This is the mail archive of the
gcc-patches@gcc.gnu.org
mailing list for the GCC project.
Re: [LTO] patch: new CALL_EXPR abstractions in builtins.c
- From: Roger Sayle <roger at eyesopen dot com>
- To: Paolo Bonzini <paolo dot bonzini at lu dot unisi dot ch>
- Cc: gcc-patches at gcc dot gnu dot org, <sandra at codesourcery dot com>
- Date: Wed, 28 Jun 2006 06:44:06 -0600 (MDT)
- Subject: Re: [LTO] patch: new CALL_EXPR abstractions in builtins.c
On Wed, 28 Jun 2006, Paolo Bonzini wrote:
> I agree with Sandra. Assuming she doesn't have to rely on backup plans
> (*), which would be quite a pity, the heaviness of TREE_LISTs (24 bytes)
> more than offsets the problem of having to construct a CALL_EXPR.
I do agree that its a great idea to reduce the footprint of CALL_EXPR.
I do agree with Sandra's response that we're currently already leaking
memory constructing tree lists in calls to fold_builtins, so that the
overhead of using an efficient CALL_EXPR is only a minor increase.
My main point is that we already need to reduce this "leakage" on
folding both mainline and not let it get any worse on the LTO branch.

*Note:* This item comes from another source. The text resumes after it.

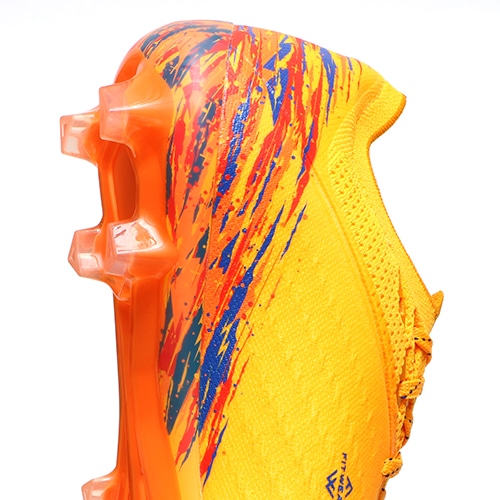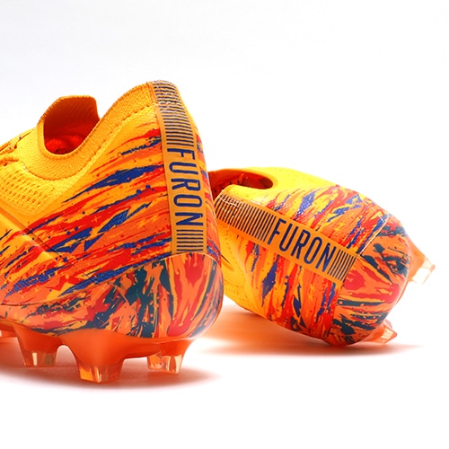 - 燃え上がる内面の闘志を表すような情熱的なオレンジで彩った2022年春夏コレクションが登場。スピードを武器にゴールを狙うストライカーに最適な「FURON(フューロン) V6+」のHG(ハードグラウンド)対応トップモデルスパイク。

I suspect that people fail to appreciate how much the new
tree-ssa passes make use of the middle-end's folding and tree
simplification routines.
Consider the simple test case below:
double sin(double);
double foo()
{
double x = 0.5;
return sin(x);
}
Rhetorical question: How many times would you expect that
fold_builtin_sin gets called during the compilation of the
above code at -O2? Notice that there's only a single basic
block, so we shouldn't have to worry about DOM-like passes,
or CSE-like path following. Notice the built-in function only
has a single argument so the number of times we propagate to it
is low. And remembering that we currently don't have a tree
combiner, and don't even fold coming out of SSA, so RTL expansion
still gets handled non-folded/non-canonical trees.
The answer, with current mainline, is that fold_builtin_sin
gets called no less than eight times!
Hence your analysis of break-even points has to factor the
memory we save on the single CALL_EXPR, which is all thats
need to represent the above call to "sin" in SSA form,
vs. the overhead we'll leak from the eight calls to fold!
As I mentioned above, I'd also expect that as more passes
are added, such as a tree-combiner, or canonicalization as
we come out of SSA, this number will go up. I also suspect
that in real code containing many basic-blocks, and builtins
with multiple arguments, the ratio of calls to fold per
CALL_EXPR (on current mainline) is currently greater than
eight.
Just like symbol table lookup, we need to balance the cost
of construction (rare), with the cost of lookup (frequent).
Now I appreciate the not every call to fold will/must leak
memory using Sandra's scheme or even on mainline, but I'd hope
the above statistic is surprising enough to most people, to
induce a more accurate sense of respect about what's being
traded-off. You'll also understand why many middle-end folks
strongly believe that trees should be folded at construction
time, and when modified, rather than repeatedly calling fold
on the same expression.
Please, nobody misinterpret the above analysis: calling "fold"
is a good thing, which is why we do it so often. It's because
its so effective that it needs to be efficient.
Roger
--